- Barr in a 1974 Dalton School yearbook
- Born: August 8, 1921 Manhattan, New York City, U.S.
- Died: February 5, 2004 (aged 82) Langhorne, Pennsylvania, U.S.
- Education: Columbia University (AB, MA)
- Occupation: Educator
- Known for: Headmaster of the Dalton School and the Hackley School
- Spouse: Mary Margaret Ahern
- Children: 4, including William and Stephen

= Donald Barr =

American educator and author (1921–2004)

Donald Barr (August 8, 1921 – February 5, 2004) was an American educator, writer, and Office of Strategic Services (OSS) officer. He was an administrator at Columbia University before serving as headmaster at the Dalton School in New York City and the Hackley School in Tarrytown, New York. He also wrote two science fiction novels. His sons are former United States attorney general William Barr and physicist Stephen Barr.

== Early life and education ==
Barr was born in Manhattan, New York City, the son of Estelle (née DeYoung), a psychologist, and Pelham Barr, an economist. He and his wife, Mary Margaret (née Ahern), had four children including William P. Barr (who served as the 77th U.S. attorney general in the George H. W. Bush administration and as the 85th U.S. attorney general in the first Donald Trump Administration) and particle physicist Stephen Barr.

Donald Barr was born to a Jewish family, but later converted to Catholicism. He sent his children to a Catholic elementary school and his son William would later describe him as "more Catholic than the Catholics".

Barr graduated from Columbia College in 1941 with a degree in mathematics and anthropology.

== Career ==
Barr served in the Office of Strategic Services (OSS) during World War II. Following the conflict, he returned to Columbia, where he earned an M.A. in English in 1950 and completed some course requirements for a Ph.D. in the discipline while also teaching in the English department. During this period, he also taught "courses with field work in sociology and political science at the School of Engineering" and wrote "science and mathematics texts for elementary and junior high school students". He initiated the Columbia University Science Honors Program in 1958 and was its director (as an assistant dean at the School of Engineering) until 1964. From 1963 to 1964, he also administered the National Science Foundation Cooperative College-School Program.

=== Dalton School ===
He was headmaster of the Dalton School from 1964 to 1974. Toward the end of his tenure as headmaster, he hired college dropout Jeffrey Epstein, who would later be convicted of sex trafficking, as a math and science teacher. In February 1974, Barr announced his resignation at the end of the school year. Epstein began working at Dalton in September 1974. At Dalton, Epstein tutored the children of Alan Greenberg, who later offered him a job at Bear Stearns.

=== Writing career ===
In 1973, Barr published Space Relations, a science fiction novel about a planet ruled by oligarchs who engage in child sex slavery. It has been noted that the plot of the novel anticipates the crimes of Epstein and his accomplice Ghislaine Maxwell.

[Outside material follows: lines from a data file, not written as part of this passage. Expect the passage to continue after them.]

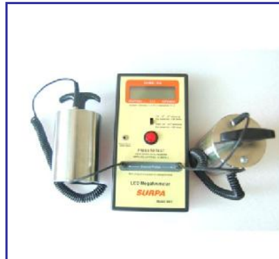
Mega Ohm Meter (Surface Resistance Meter)
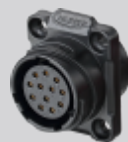
YM-20-J12SX-01-001 母座 female socket
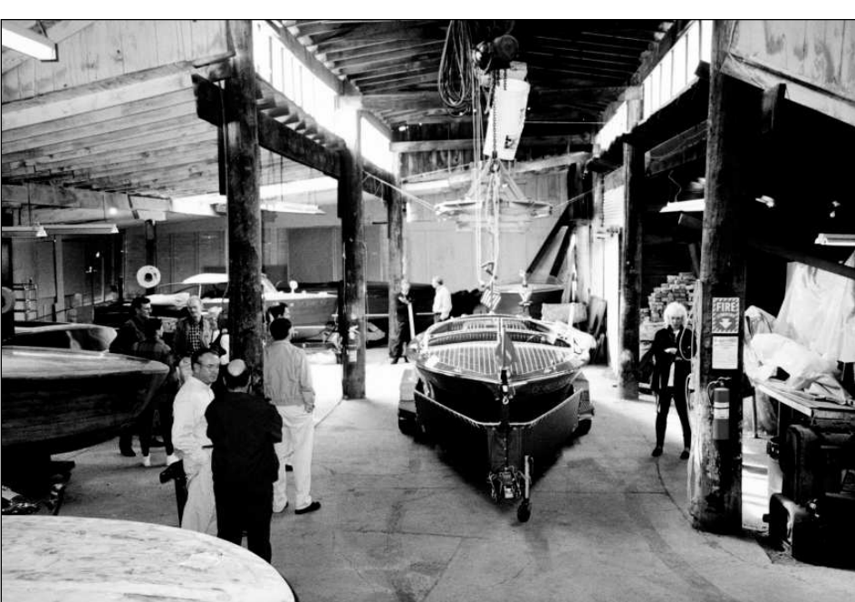
PHILBRICK BOAT WORKS: The workshop in the 1950s, top, and in the 1990s.

Once there were as many as 20 wooden boat builders practicing their trade along the Oakland Estuary. It's part of Oakland's heritage as a waterfront city. But the rising cost of exotic
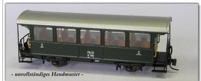
Nm-104.4: RhB Zweiachser der ehemaligen Berninabahn B 2 2081 ff.

Barr also reviewed books for The New York Times. In addition to his two science fiction novels, he sold two stories to The Magazine of Fantasy and Science Fiction; one of these (the 2002 "Sam") was reprinted in the 2003 anthology Year's Best Fantasy 3.

In 1983 President Ronald Reagan nominated Donald Barr to be a member of the National Council on Educational Research.

== Selected works ==
- The How and Why Wonder Book of Atomic Energy (1961)
- Who Pushed Humpty Dumpty? Dilemmas in American Education (1971)
- Space Relations: A Slightly Gothic Interplanetary Tale (1973)
- A Planet in Arms (1981)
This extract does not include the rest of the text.